Optotagging Analysis

Tutorial overview

This Jupyter notebook will demonstrate how to analyze responses to optotagging stimuli in Neuropixels Brain Observatory datasets. Optotagging makes it possible to link in vivo spike trains to genetically defined cell classes. By expressing a light-gated ion channel (in this case, ChR2) in a Cre-dependent manner, we can activate Cre+ neurons with light pulses delivered to the cortical surface. Units that fire action potentials in response to these light pulses are likely to express the gene of interest.

Of course, there are some shortcomings to this approach, most notably that the presence of light artifacts can create the appearance of false positives, and that false negatives (cells that are Cre+ but do not respond to light) are nearly impossible to avoid. We will explain how to deal with these caveats in order to incorporate the available cell type information into your analyses.

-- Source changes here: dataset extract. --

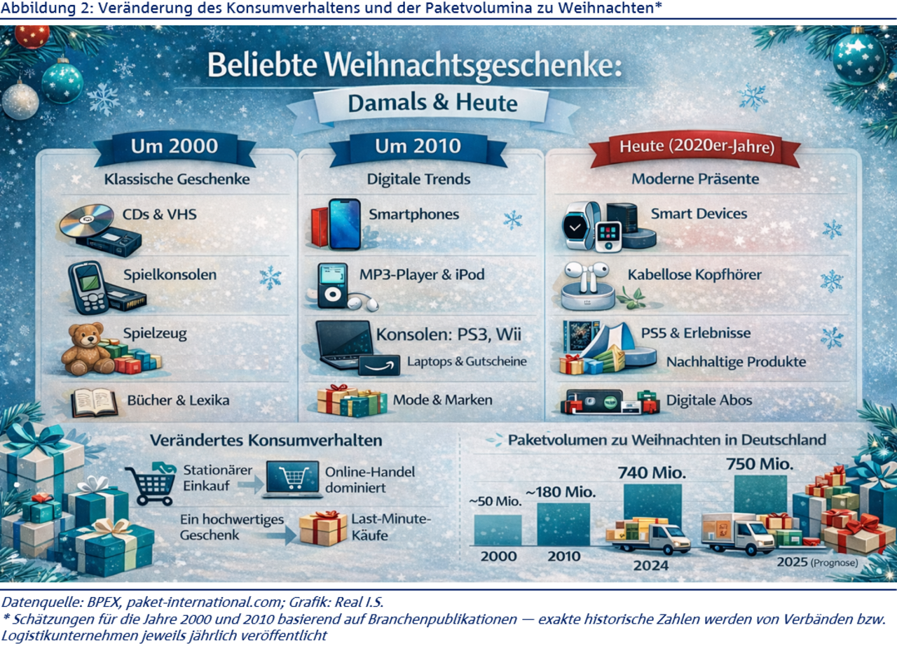 Die Digitalisierung des Einkaufs, bequemere Zustelloptionen, Paketstationen (Click-&-Collect), schnellere Lieferungen und kostenlose Retouren haben das Kaufverhalten stark verändert. So stehen heute ganz andere Geschenke auf dem Wunschzettel als vor 25 Jahren (siehe Abbildung 2):

This tutorial will cover the following topics:

This tutorial assumes you've already created a data cache, or are working with NWB files on AWS. If you haven't reached that step yet, we recommend going through the data access tutorial first.

Functions related to analyzing responses to visual stimuli will be covered in other tutorials. For a full list of available tutorials, see the SDK documentation.

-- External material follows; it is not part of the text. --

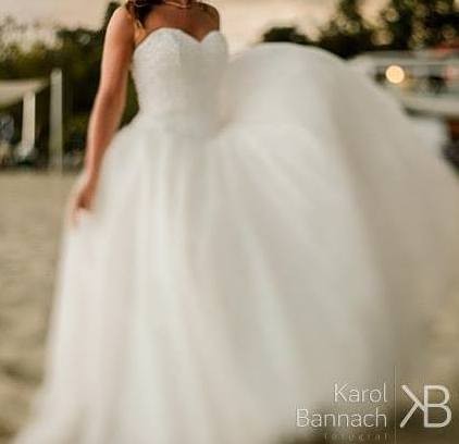 Mam do sprzedania przepiękną suknię ślubną w kolorze ecru zakupioną w salonie sukni ślubnych w Elblągu. Rozmiar 36 - sukienka była indywidualnie dopasowywana, gorset jest z tyłu sznurowany, więc jest możliwość regulacji i dopasowania do sylwetki posiada również zapięcie dzięki czemu masywnie trzyma się sylwetki. Wzrost - 166 cm plus obcas ok. 10 cm.

First, let's deal with the necessary imports:

In [1]:
import os

import numpy as np
import pandas as pd
import xarray as xr

import matplotlib.pyplot as plt
%matplotlib inline

from allensdk.brain_observatory.ecephys.ecephys_project_cache import EcephysProjectCache

Next, we'll create an EcephysProjectCache object that points to a new or existing manifest file.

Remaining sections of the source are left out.